Canadian ice hockey player (born 1987)

Marc-André Gragnani (born March 11, 1987) is a former Canadian professional ice hockey defenceman. He spent four-and-a-half seasons playing for the Buffalo Sabres of the National Hockey League and their American Hockey League affiliate, the Portland Pirates. He also played half a season with Vancouver before signing with the Carolina Hurricanes as a free agent. On July 3, 2015, Gragnani signed a one-year, two-way contract with the New Jersey Devils for whom he appeared four times.

==Playing career==
He played minor hockey for the Dauphins de Deux-Rives followed by four years in the Quebec Major Junior Hockey League (QMJHL).

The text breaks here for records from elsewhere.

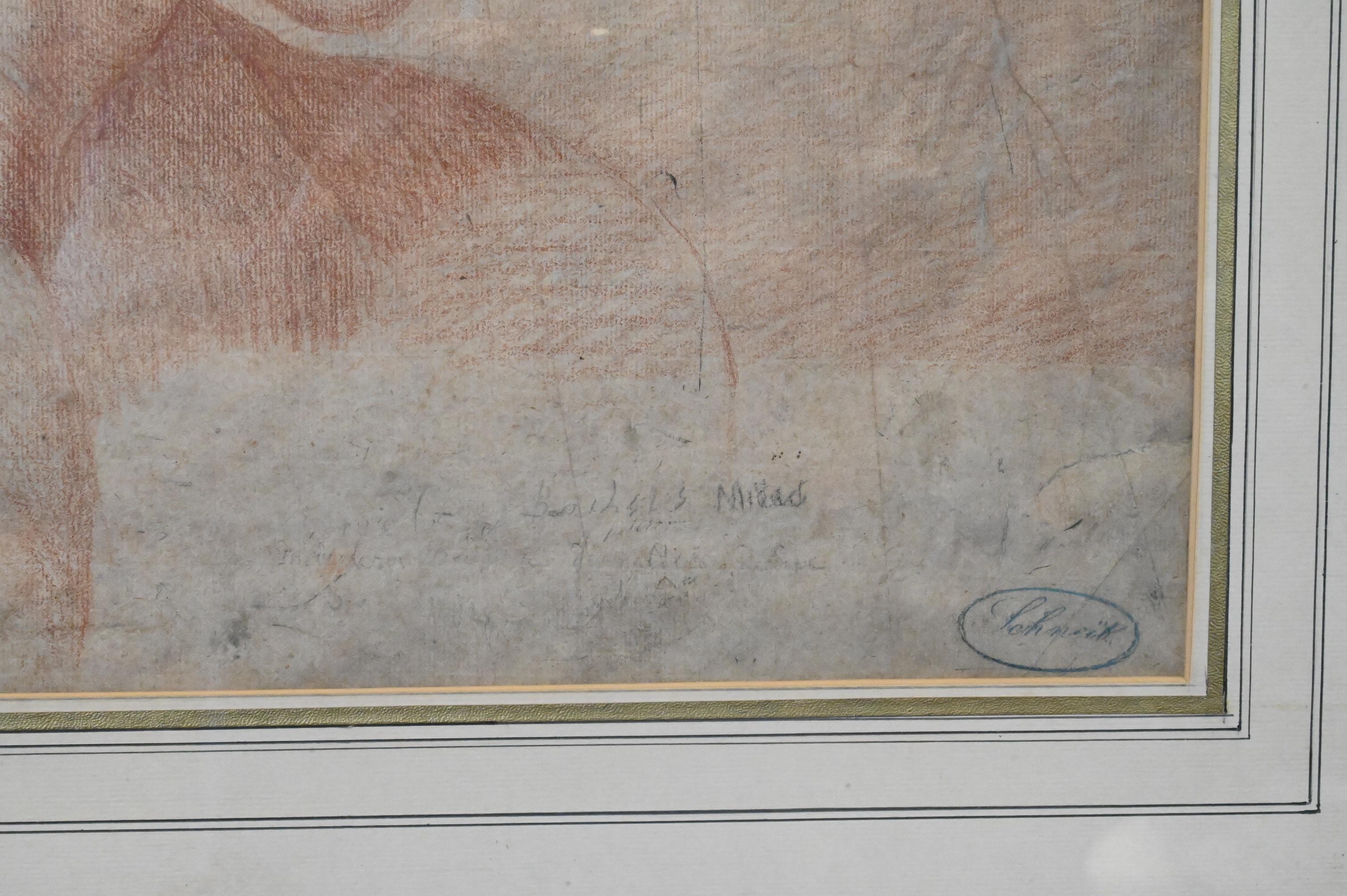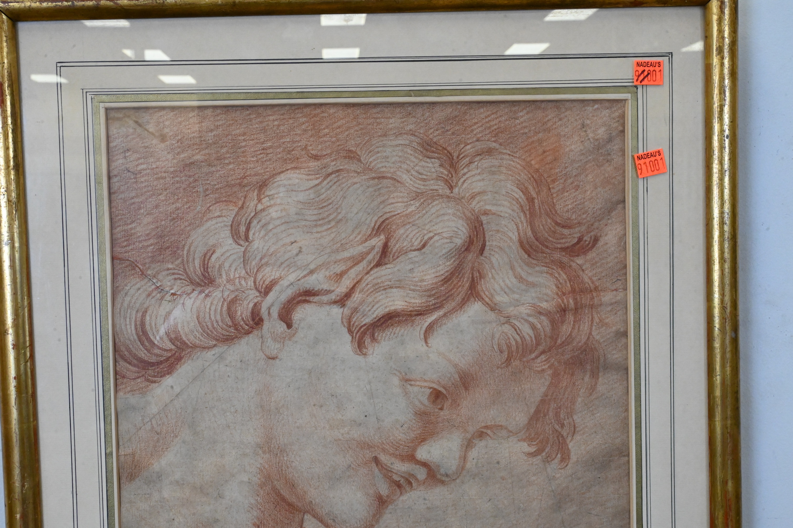 A sensitively modeled red-chalk study of a youthful head in profile, the figure inclining forward with a gentle, knowing smile. The artist renders the features with exceptionally fine parallel hatching and soft tonal transitions, characteristic of 17th-century Dutch draftsmanship. The luxuriant, curling hair is drawn with rhythmic, sculptural strokes, and the pointed ear subtly identifies the subject as a mythological figure—likely a young satyr, faun, or bacchante rather than a purely idealized youth. The treatment suggests a workshop or academic study after antique or allegorical models, where such hybrid classical types were frequently explored
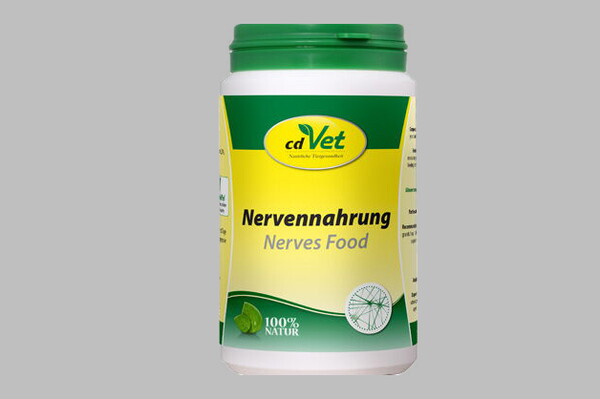 Ergänzungsfuttermittel für Hunde - Zusammensetzung: Algenkalk, Malzkeime, Melissenblätter, Pfingstrosenwurzel, Johanniskraut, Bierhefe. Die Nervennahrung hilft ängstlichen, unruhigen, gestressten oder leicht reizbaren Tieren, ohne ihren Wachzustand negativ zu beeinflussen. Durch die milde Rezeptur von Nervennahrung ist ein Effekt erst nach ca. 8 Tagen zu erwarten. Für aggressive Tiere ist dieses Produkt nicht geeignet.
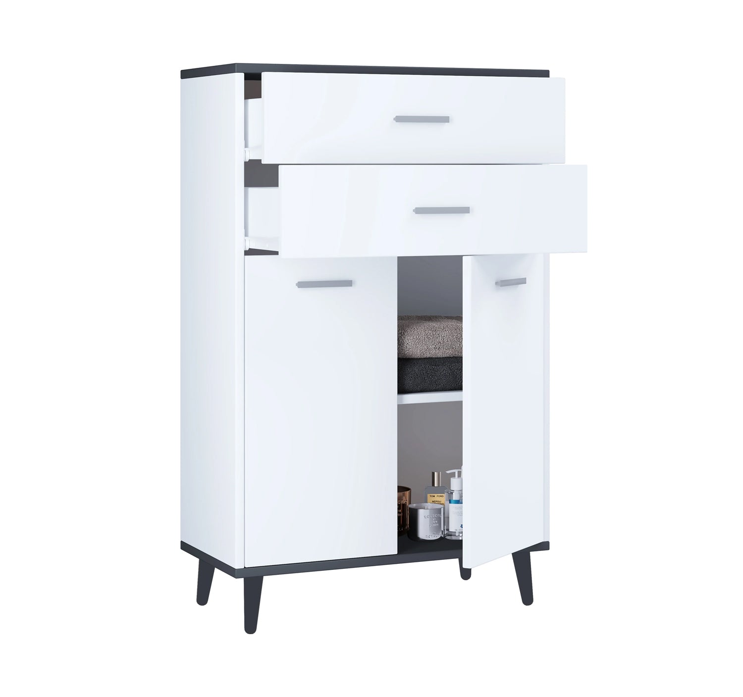 • Med sit tidløse og moderne design er den høje kommode et smukt blikfang i enhver stue. To skuffer og to store rum med praktiske hyldeinddelinger giver masser af opbevaringsplads.
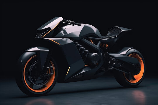 Smoke on background with High power motorcycle at night copy space for text
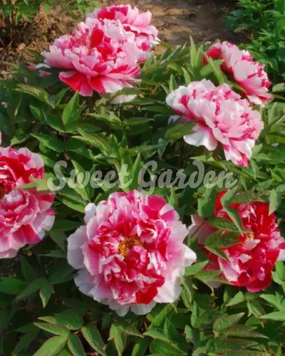 Új, érdekes árnyalatú bazsarózsa fajta. Halvány rózsaszín, sötét rózsaszín és piros színek keveredése. Évelőágyásba vagy szoliterként ültethető. Virágzási időszak: május - június. Konténeres növényeket küldünk.
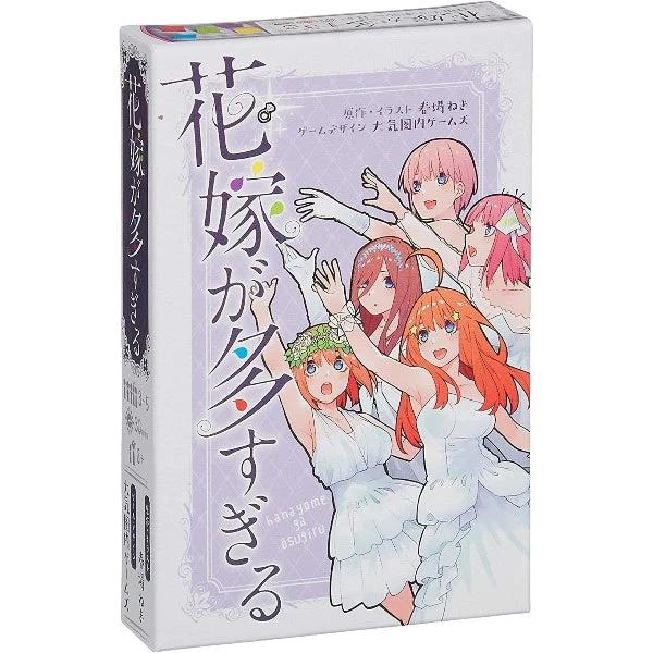 アークライト 花嫁が多すぎる (3-5人用 30分 8才以上向け) ボードゲーム 大人気コミック『五等分の花嫁』(著:春場ねぎ/講談社)が、作者の希望もありカードゲームになりました。原作ファンもゲームファンも誰もが楽しめるカードゲーム。パッケージイラストは原作者による豪華描きおろし。・ゲームシステムは『シンデレラが多すぎる』をベースに、より遊びやすく、繰り返し遊びたくなる仕様にリメイク。・条件を絞り込んでいく基本ルールはそのままに、条件を「髪型」と「服装」に限定。カギを握るのは「花嫁度」。・1ラウンドは5分足らず。サクサクのプレイ感で、全員が親をプレイするとゲーム終了。高得点で勝利を目指せ。プレイ人数:3~5人プレイ時間:30分対象年齢:8歳以上原作・イラスト:春場ねぎゲームデザイン:大気圏内ゲームズグラフィックデザイン:嶋田美咲(株式会社アークライト)ロゴデザイン:高木紗耶・長谷川文香(株式会社RedRooster)(C)春場ねぎ/講談社 (C)2020 Arclight,Inc.[セット内容]五つ子カード(88×63mm):25枚花嫁タイル:5枚スタートプレイヤーマーカー:1枚得点チップ:42枚遊び方説明書:1冊
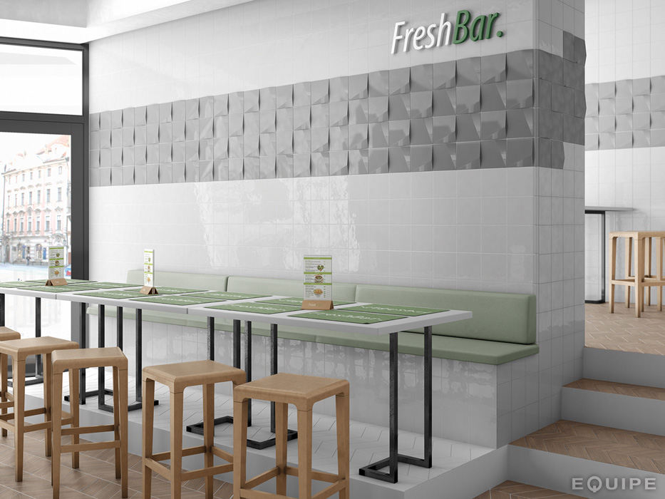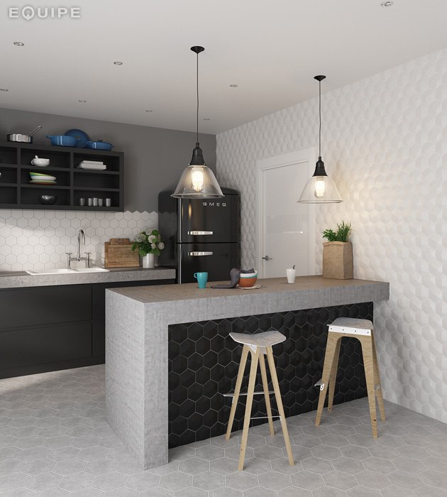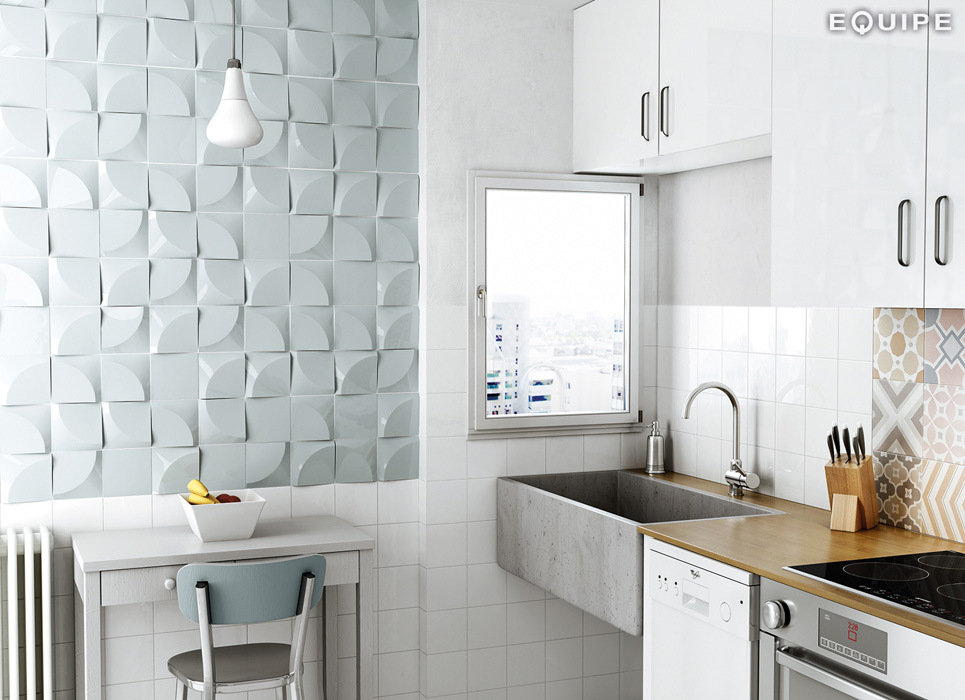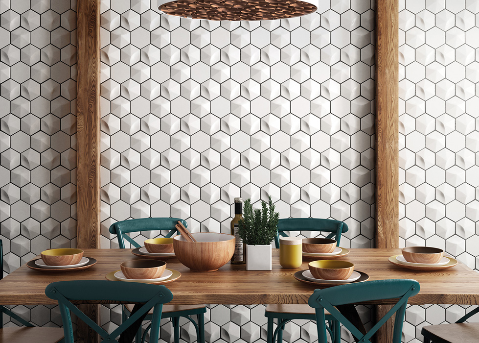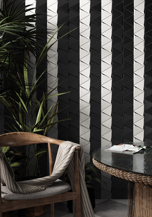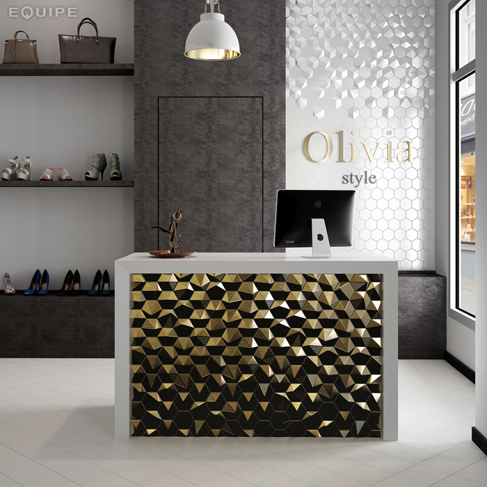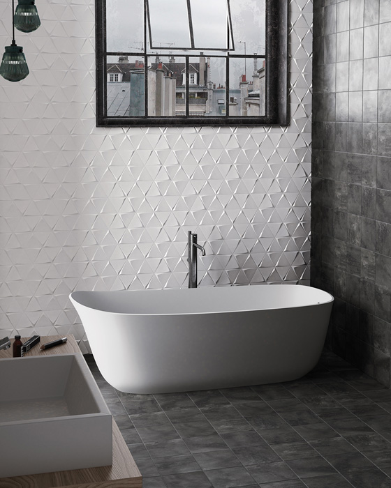 Magical – коллекция керамической плитки с футуристичным дизайном. В наличии на складе выпуклая плитка Umbrella Плитка формуется из белой глины и декорируется оригинальной выпуклой поверхностью, которая напоминает конус. При этом “направление вращения” отличаются между собой. На одну грань конуса наносятся рельефные полоски. Размер плитки 12,4х10,7 см. Цветовая палитра включает 13 оттенков с глянцевой, матовой и сатинированной глазурью. Глянцевый оттенки включают: white белый и cream кремовый; greige песочный и mint ментоловый; light grey светло-серый и sky blue светло-голубой; black черный и dark grey темно-серый; electric blue ультрамарин и metallic золотой. Матовая плитка: white matt белый и black matt черный. Сатинированная плитка: white pearl.
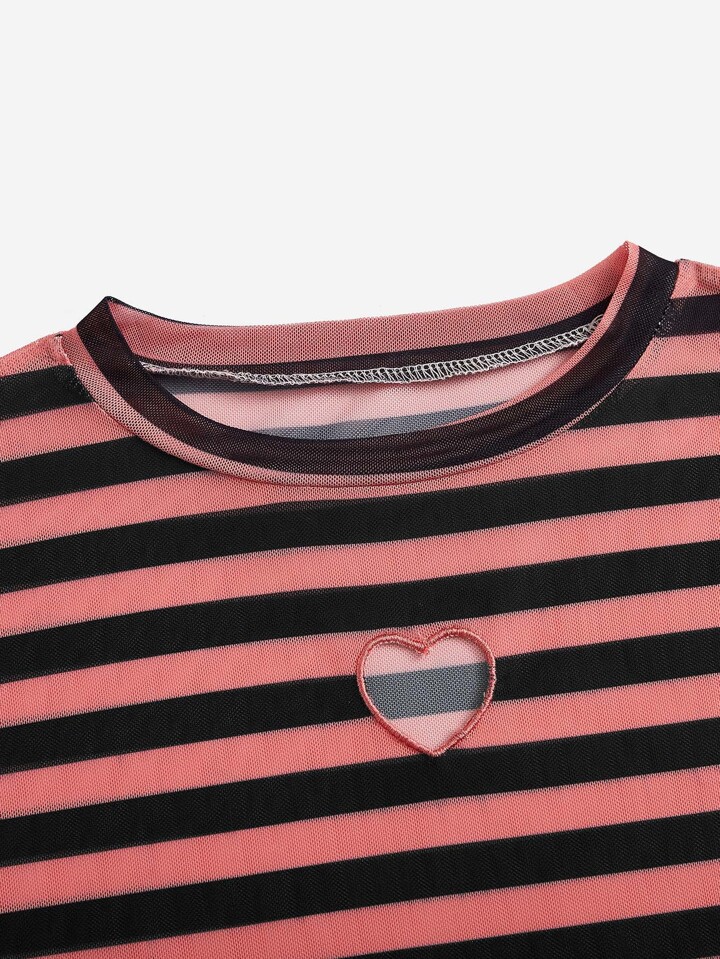 Striped Print Lettuce Trim Crop Top

He was selected 87th overall by the Buffalo Sabres in the 2005 NHL entry draft and signed a professional contract with the Sabres in June 2007. After completing his junior career with the PEI Rocket, Gragnani began his professional career within the Sabres organization in the 2007–08 season, making his debut on February 23, 2008. Although originally drafted as a defenceman, Gragnani shifted to the left wing position during his first season.
In April 2009, he established a new record for Portland defencemen with 51 points in the regular season. He also set the Portland franchise record for assists by a defenceman in a single season with 42. In 2011, he broke both of his own records by registering 48 assists and 60 points in a single season.

Gragnani was called up to the parent Buffalo Sabres in March 2011. His first NHL goal was a game-winning overtime goal in a game against the Carolina Hurricanes on April 3, 2011. Gragnani signed a two-year contract extension with the Sabres in the 2011 offseason.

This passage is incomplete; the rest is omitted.